A new working paper, published by IIEP-UNESCO, Education Development Trust (EdDevTrust), and the Education Commission, presents emerging evidence on why the middle part of education systems – the regional, district, and sub-district levels – is a critical part of the ‘machine’ for quality teaching and learning at scale.

Two of the co-authors, Barbara Tournier, IIEP researcher, and Ella Page, EdDevTrust researcher, explain:   

This research highlights the value of the middle-tier workforce in education systems. Why is this so important today?

Ella Page: How to achieve high quality teaching and learning at scale is a major challenge faced by education systems internationally. The middle-tier have huge potential as change agents: they have a unique view of an entire district or region while maintaining a close relationship with schools.
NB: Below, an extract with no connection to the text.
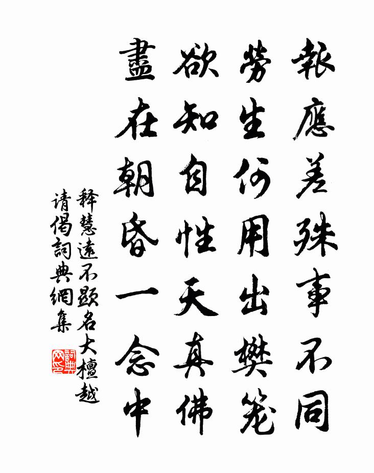 詩詞名句歷史字典書法欣賞書法字典國語詞典說文解字康熙字典古漢語字典標 題 作 者 詩 句 不顯名大檀越請偈作者:釋慧遠 朝代:宋代不顯名大檀越請偈原文報應差殊事不同,勞生何用出樊籠。欲知自性天真佛,盡在朝昏一念中。詩詞問答問:不顯名大檀越請偈的作者是誰?答:釋慧遠問:不顯名大檀越請偈寫於哪個朝代?答:宋代釋慧遠不顯名大檀越請偈書法欣賞不顯名大檀越請偈書法作品詩詞推薦生日子聿作五字詩十首為壽追懷先親泣然有作陸游〔宋代〕我生尚及宣和末,頒歷頻驚歲月移。負米養親無復日,蓼莪廢講豈勝悲!渡江百口今誰在?抱恨終身秪自知。文字首尾吟邵雍〔宋代〕堯夫非是愛吟詩,詩是堯夫鑒誡時。意淺不知多則惑,心靈須識動之微。行兇既有人誅戮,心善豈無天保持。讀易上冢還過方橋項安世〔宋代〕一番新火試新茶,又向方橋記歲華。草色前頭見江樹,桑林多處是人家。拓開白鳥天邊眼,背盡紅塵腳底沙。臨老雲端文天祥〔宋代〕半空夭矯起層台,傳道劉安車馬來。山上自晴山下雨,倚闌平立看風雷。送恭叔赴海門尉端叔約同過湘西酌別四首趙蕃〔宋代〕入自芝蘭室,重之珠玉淵。一官從草草,萬卷本便便。對鏡平多壘,閒郊辟廢田。尉曹應事少,賓友定誰延。和前人韻辛棄疾〔宋代〕茶瓜不作片時留,又向悠然作勝游。花徑似經新掃酒,竹林喚起舊風流。天教有象皆楷寫,世已無書可校讐。長日醉中紀事題辰州淨因寺廖行之〔宋代〕山城春半時,底事風作惡。小隱杜書帷,暗想花蕭索。命駕訪林藪,尋芳到叢薄。漫山粲百英,隨分有餘樂。縈迴三月三日懷微之白居易〔唐代〕良時光景長虛擲,壯歲風情已暗銷。忽憶同為校書日,每年同醉是今朝。九日戴復古〔宋代〕醉來風帽半欹斜,風度他鄉對菊花。最苦酒徒星散後,見人兒女倍思家。石淙武則天〔唐代〕三山十洞光玄籙,壓嶠金巒鎮紫微。均露均霜標勝壤,交風交雨列皇畿。萬仞高岩藏日色,千尋幽澗浴雲衣。且駐自和前詩鄰舟皆鹽商戴復古〔宋代〕總被利名役,機心欲算沙。舟行阻風色,客夢負年華。洲渚四五曲,漁樵 * 家。江村無限好,滿眼是蘆花。懷寄寇元弼王文舉十首之七局中歸賀鑄〔宋代〕不見西街客,歸來即閉門。胡床面南樹,鳥鵲啅黃昏。梅花余觀復〔宋代〕自是孤芳集大成,紅紅白白漫爭名。天邊差有雪堪亞,世上更無花敢清。筆到花光空幻想,句如和靖藹遺聲。一枝新營別墅寄家兄竇鞏〔唐代〕懶性如今成野人,行藏由興不由身。莫驚此度歸來晚,買得西山正值春。和文與可洋川園池三十首 冰池蘇軾〔宋代〕不嫌冰雪繞池看,誰似詩人巧耐寒。記取羲之洗硯處,碧琉璃下黑蛟蟠。丁酉元日陳深〔宋代〕夜中不成寐,臥覺風剡剡。殘寒賣餘勇,飛雪獨萬慘。黎明卷新霽,旭日光晻晱。窮陰得陽和,春氣已先感。負暝誦詩陳杰〔宋代〕盛氣劘騷壘,長歌歷杜藩。二南四字始,萬古一解難。三岡湖觀月魏叔介〔宋代〕波月互吐吞,清光忽下土。風來山影開,空水相磨盪。煙樹映交加,碎入漁家網。仿佛華子岡,吟詩獨來往。新沼竹軒梅堯臣〔宋代〕作軒仍見竹,瀟灑排青幢。斜烏與落月,靜影晝寒窗。光沒影亦沒,激水自淙淙。夜深猶讀易,誰更憶清江。游龍門詩十二首廣化寺韓維〔宋代〕日照香剎端,風生石門下。精誠或有禱,嘉況如可把。安得飛片雲,坐看靈澤灑。名句推薦此已被私慾隔斷,不是知行的本體了。王陽明《傳習錄·卷上·徐愛錄》 聞風聲鶴唳,皆以為王師已至房玄齡《晉書·列傳·第四十九章》 夫妻反目,不能正室也。佚名《易傳·象傳上·小畜》 流水落花春去也,天上人間。李煜《浪淘沙令·簾外雨潺潺》 脈脈花疏天淡,雲來去、數枝雪。范成大《霜天曉角·梅》 月落烏啼霜滿天,江楓漁火對愁眠。張繼《楓橋夜泊 / 夜泊楓江》 寒色孤村幕,悲風四野聞。洪升《雪望》 雲外好呼南去雁,系書先為報江鄉。齊之鸞《九日登清水營城》 原濁者,流不清;行不信者,名必耗。墨子《墨子·02章 修身》 燕子欲歸時節,高樓昨夜西風。晏殊《破陣子·燕子欲歸時節》

The middle-tier can bring new ideas and practices into schools and classrooms and can provide the coaching and support we know is vital for effective teacher professional development.

Barbara Tournier: In this sense, the middle-tier is critical in acting as a lynchpin between the local and the national level, and can help to inform policy from the ground up, as well as to translate often complex policies from the top down. Yet, research has traditionally focused on teachers and head teachers, somewhat omitting levels above. For education systems to be effective there needs to be a continuum of professionals all along the delivery chain, as well as support structures available to teachers at various levels.

Can you explain the link between middle-tier professionals and improved teaching and learning?

EP: Absolutely, our review of the literature finds a number of promising ways that middle-tier professionals can work towards improved teaching and learning. The middle-tier can develop skills, facilitate a focus on school improvement priorities, and promote professional collaboration by shifting from a focus on compliance and control to providing continuous professional support to teachers and school leaders. This can include the development of professional learning communities or other kinds of school networks, both of which have been shown to improve teaching.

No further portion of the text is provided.